▶

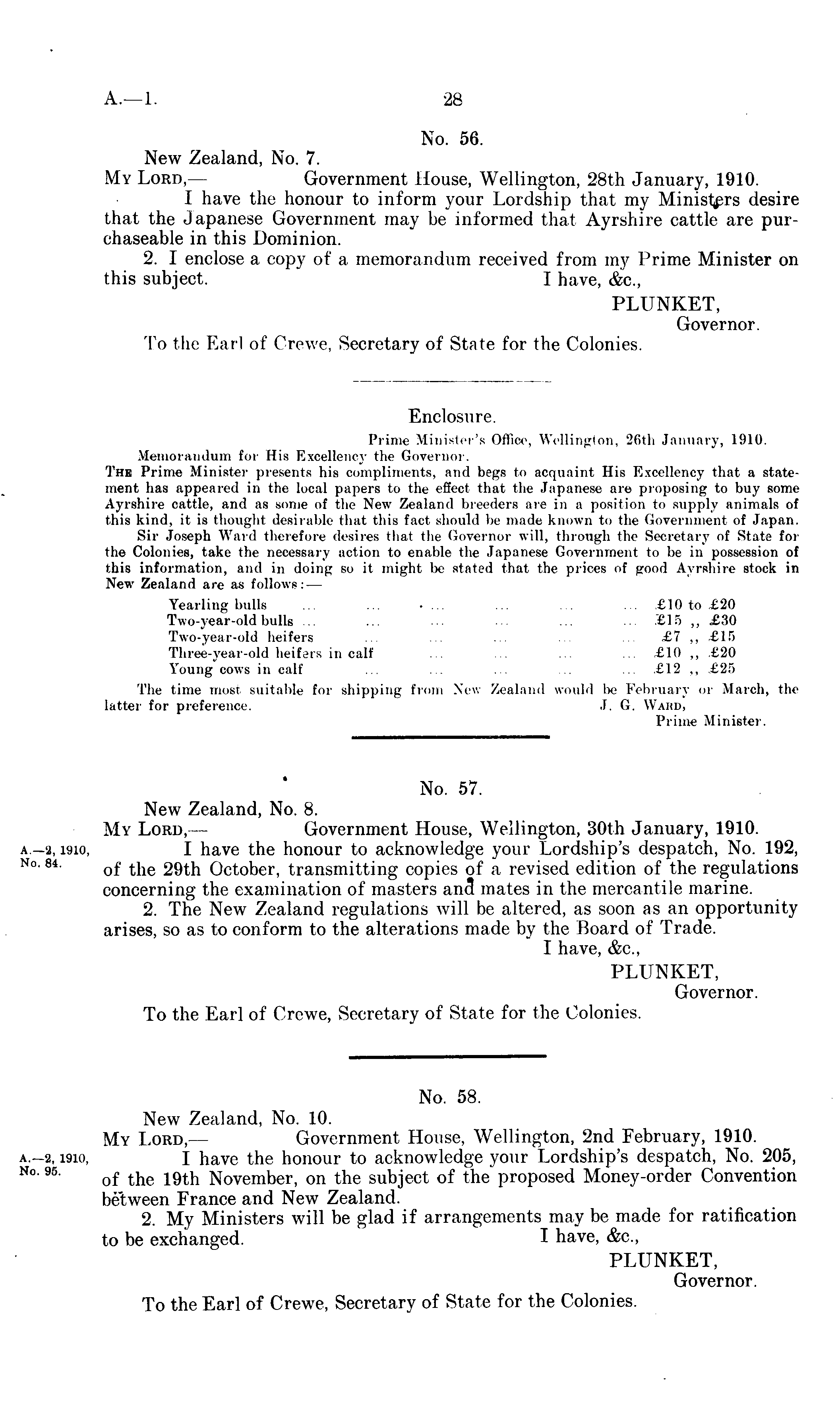 No. 56. New Zealand, No. 7. My Lord, — Government House, Wellington, 28th January, 1910. I have the honour to inform your Lordship that my Ministers desire that the Japanese Government may be informed that Ayrshire cattle are purchaseable in this Dominion. 2. I enclose a copy of a memorandum received from my Prime Minister on this subject. I have, &c, PLUNKET, Governor. To the Earl of Crewe, Secretary of State for the Colonies.
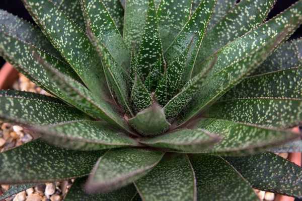 - Гастерия — жесткие листья с белыми пятнами располагаются двурядно на сильно укороченном стебле.
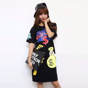 實拍款涂鴉搞怪印花時尚裝飾圓領休閑寬松連衣裙女 /
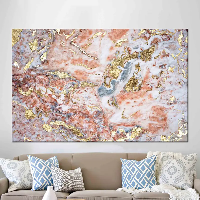 Luxury Marble Shimmery Printed Canvas: Gold Marble Elegance
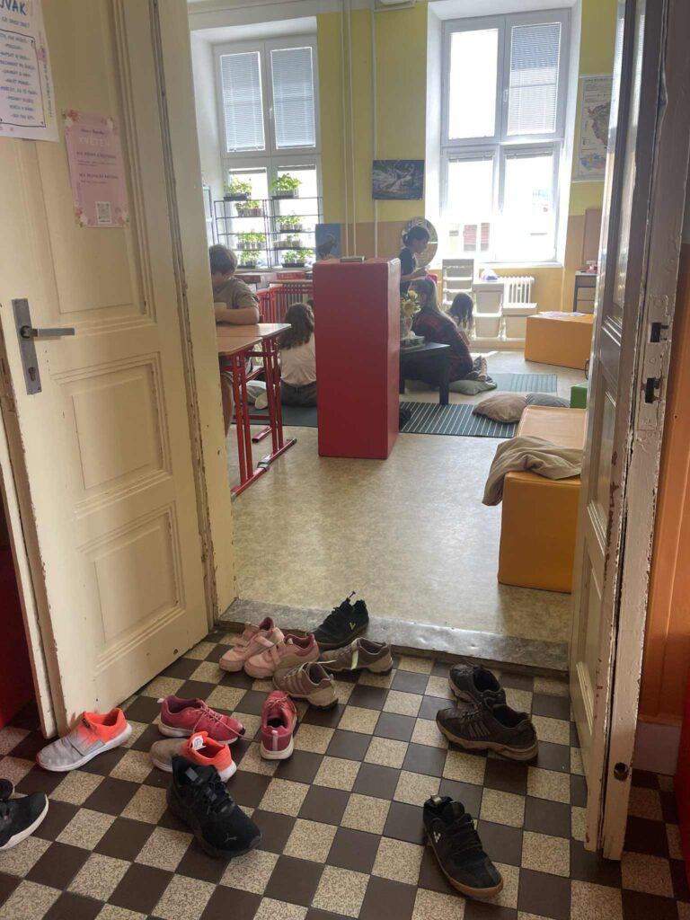 V půlce roku 2024 jsme však oficiálně registrovali terénní formu klubu Sibiř, a to znamená, že můžeme podpořit děti a mládež nejen ve votickém klubu, ale i na místech, kde se přirozeně setkávají. Při takzvané depistáži (tedy cílenému vyhledávání ohrožených dětí) jsme zjistili, že děti jsou často zavřené doma v online prostoru a tak náš šikovný tým sociálních pracovnic vymyslel, že bychom mohli otevřít terénní formu nízkoprahového klubu přímo ve škole.
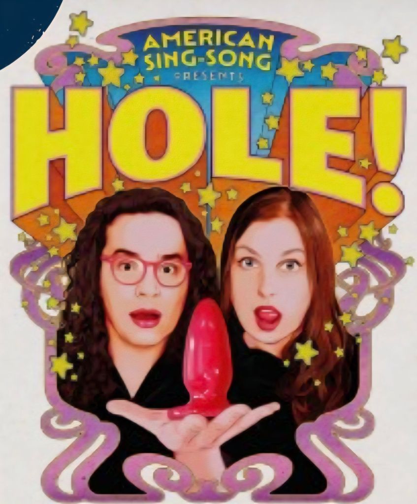 Hello my name is Jake Brasch and my name is Nadja Leonhard-Hooper and together we are AMERICAN SING-SONG. We write and perform insane, filthy, heart-forward musicals with nothing but a piano, a foley table, and a gay little dream.
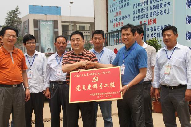 6月15日,pa捕鱼网官网有限公司董事长、党委书记胡运成,来到省三建公司第十五工程管理部高速铜都·天地项目部和第六工程管理部中国建设银行合肥生产基地项目部,分别授予两项目集团公司“党员先锋号工程”奖牌。集团公司副总经理、三建公司总经理刘家静、三建公司党委书记徐晓光及党委工作部负责同志等陪同。

◀

Return all the data exactly, and keep the pictures out.

• Task solution
 No. 56. New Zealand, No. 7. My Lord, — Government House, Wellington, 28th January, 1910. I have the honour to inform your Lordship that my Ministers desire that the Japanese Government may be informed that Ayrshire cattle are purchaseable in this Dominion. 2. I enclose a copy of a memorandum received from my Prime Minister on this subject. I have, &c, PLUNKET, Governor. To the Earl of Crewe, Secretary of State for the Colonies.
 - Гастерия — жесткие листья с белыми пятнами располагаются двурядно на сильно укороченном стебле.
 實拍款涂鴉搞怪印花時尚裝飾圓領休閑寬松連衣裙女 /
 Luxury Marble Shimmery Printed Canvas: Gold Marble Elegance
 V půlce roku 2024 jsme však oficiálně registrovali terénní formu klubu Sibiř, a to znamená, že můžeme podpořit děti a mládež nejen ve votickém klubu, ale i na místech, kde se přirozeně setkávají. Při takzvané depistáži (tedy cílenému vyhledávání ohrožených dětí) jsme zjistili, že děti jsou často zavřené doma v online prostoru a tak náš šikovný tým sociálních pracovnic vymyslel, že bychom mohli otevřít terénní formu nízkoprahového klubu přímo ve škole.
 Hello my name is Jake Brasch and my name is Nadja Leonhard-Hooper and together we are AMERICAN SING-SONG. We write and perform insane, filthy, heart-forward musicals with nothing but a piano, a foley table, and a gay little dream.
 6月15日,pa捕鱼网官网有限公司董事长、党委书记胡运成,来到省三建公司第十五工程管理部高速铜都·天地项目部和第六工程管理部中国建设银行合肥生产基地项目部,分别授予两项目集团公司“党员先锋号工程”奖牌。集团公司副总经理、三建公司总经理刘家静、三建公司党委书记徐晓光及党委工作部负责同志等陪同。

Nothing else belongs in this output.